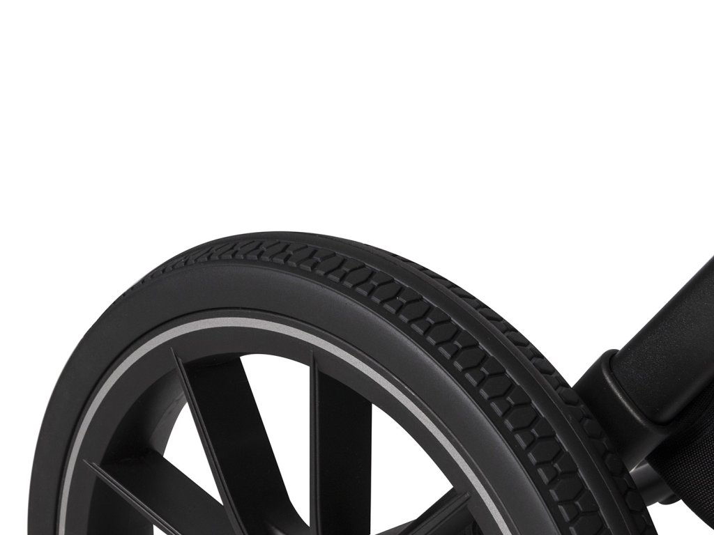 Funkcionalitás és kényelem: A babakocsit úgy tervezték, hogy maximális kényelmet biztosítson mind a szülők, mind a gyermek számára. Kiváló felfüggesztésének és nagy gumikerekeinek köszönhetően bármilyen terepen, beleértve a havat is, alkalmas. A kerekek karbantartásmentesek az univerzális futófelületű, tömlő nélküli gumiabroncsoknak köszönhetően.
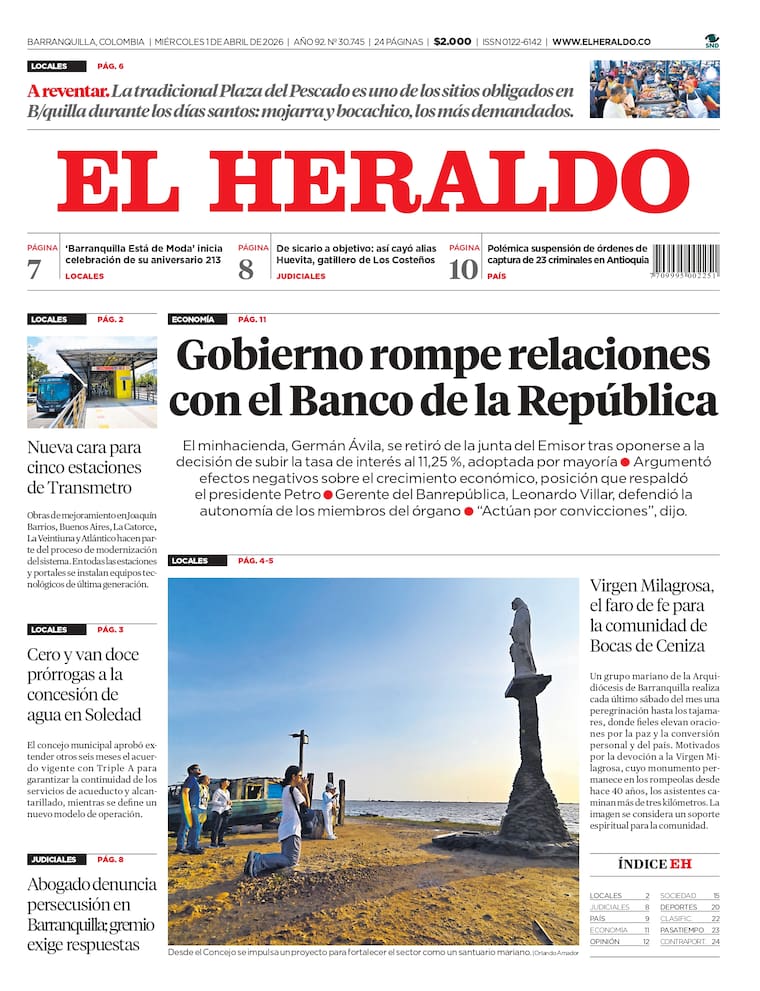 ContáctenosPortada y contraportada de EL HERALDO del miércoles 1 de abril de 2026.
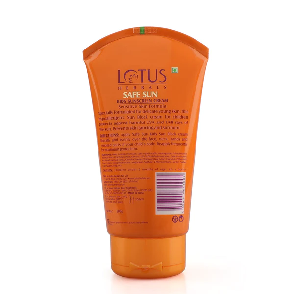 Lotus Safe Sun Kids Sunscreen Cream SPF 25 50g is thoughtfully crafted to safeguard your child's sensitive skin from the sun's harmful rays. This specially formulated sunscreen provides reliable sun protection for children, with SPF 25 to shield their delicate skin from UV damage. Whether they're playing outdoors or attending school, you can ensure that your little one's skin is well-protected and nurtured.
------------------------------
TASK BRIEF
Exactly the lines from the one that contains "ContáctenosPortada y contraportada" to the last line of the data, both included, should be set down, and no pictures should appear among them.

OUTPUT BELOW
 ContáctenosPortada y contraportada de EL HERALDO del miércoles 1 de abril de 2026.
 Lotus Safe Sun Kids Sunscreen Cream SPF 25 50g is thoughtfully crafted to safeguard your child's sensitive skin from the sun's harmful rays. This specially formulated sunscreen provides reliable sun protection for children, with SPF 25 to shield their delicate skin from UV damage. Whether they're playing outdoors or attending school, you can ensure that your little one's skin is well-protected and nurtured.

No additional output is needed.